I did respond saying that the official residence of the Chief Justice being their residence, it is definitely their prerogative to meet or not to meet persons visiting their house even as the English saying goes that ‘A house is a man’s castle’ and while we left, we left behind a few fruits which we had carried as is the custom in our society, particularly, when visiting elderly people with health problems, with a request to sister of Mrs. Dinakaran to handover the fruits to them with our good wishes, for normalcy.
That evening, we were to visit a relative and after that we returned to our house. The security man at the gate informed us that the fruits which we had left at the Chief Justice’s residence has been returned as they were not willing to receive it. At the exact moment, one of my former colleague came to our house and I told him in a lighter vein that there is a proverb in Urdu that ‘Dhane Dhane pe likha hai khane wale ka naam’ which in English translation means “Every grain has etched on it, the name of the person for whom it is meant!”. To my great satisfaction, my former colleague very gleefully accepted the fruits.
With the herald of summer vacation for our High Court and after completing my five weeks stint at Dharwad, I returned to Bangalore.
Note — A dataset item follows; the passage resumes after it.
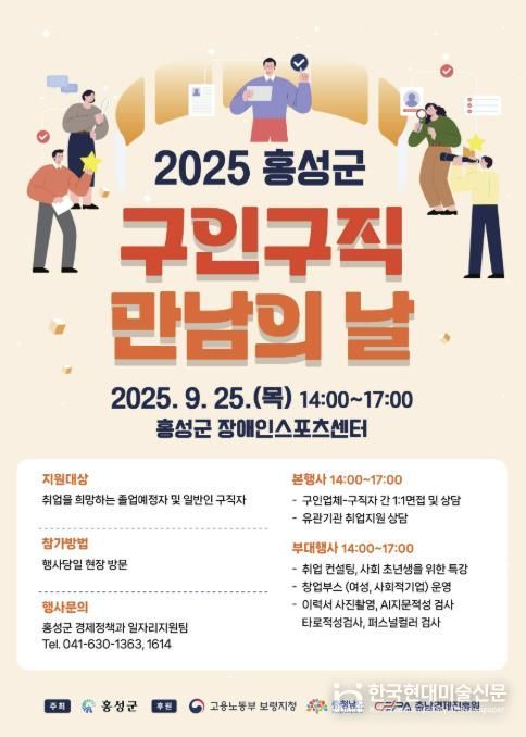 한국현대미술신문 신정은 기자 | 홍성군은 오는 25일 오후 2시 장애인스포츠센터에서 ‘구인·구직 만남의 날’을 열고 구직자에게 취업 기회를, 구인기업에는 우수 인재 채용의 장을 제공한다고 밝혔다.

In between, I had visited Bangalore every week end, once to participate in the National Seminar on ‘Good Governance: Its Dimensions & Challenges’ held on Saturday, the 27th of March, 2010 at Sri Vivekananda Law College, Bangalore and in the next week i.e., on Sunday, the 4th of April, 2010, to deliver an Endowment Lecture as part of silver jubilee endowment lecture series at the SDM Law College, Mangalore on the topic of “The need for Judicial Accountability in the era of Judicial Transformation”. A copy of this lecture is posted along with this communication for your perusal and reactions.
As already indicated, the purpose of addressing this communication to you all is to create awareness and also to give an insight into the happenings in the judicial system which has been kept a jealously guarded secret, which in my opinion is the root cause for all maladies in the judicial system.
It is said that there is no better disinfectant than sunlight and there cannot be a better disciplinarian than transparency. It is only in places where there is lack of transparency, engulfed in darkness, all sorts of malpractices prevail, illegalities, exploitations and even atrocities take place.
There has been tremendous response from the general public and media in particular in the wake of some important developments in the judicial system, particularly with Justice K G Balakrishnan whose reign as Chief Justice of India lasted for a period of three years and approximately four months came to an end with Justice K G Balakrishnan laying down office on Tuesday, the 11th of May, 2010 and the next senior most Judge of the Supreme Court Justice S H Kapadia having assumed charge as the Chief Justice of India.
The media has not been kind in expressing its views about the tenure of Justice K G Balakrishnan as Chief Justice of India and in fact has been highly critical of the manner in which Justice K G Balakrishnan had functioned, particularly, in trying to stonewall the efforts of the inquisitive and serious members amongst the litigant public to seek information about the manner of functioning of the Supreme Court on the administrative side, more so about the collegium business.
The adamant manner in which Justice K G Balakrishnan had not only refused to divulge information about the developments on the administrative side, but also had tried to stonewall the judicial opinion as expressed by the Delhi High Court in holding that the Supreme Court of India, as an institution, is also amenable and has to part with information to seekers/applicants under the Right to Information Act. This stubborn attitude, in fact, greatly damaged the image of judiciary in the country and the already eroding faith and confidence of the people of the country in the judicial system only got further reduced in the wake of such an attitude on the part of the former Chief Justice of the country.
I had indicated in my earlier communications that I am an optimist and hope to see light at the end of the tunnel and that Judiciary will be restored to its earlier glory and will serve as a true and genuine institution to protect the lives, liberties and the rights of the citizens of the country as mandated in the Constitution of India.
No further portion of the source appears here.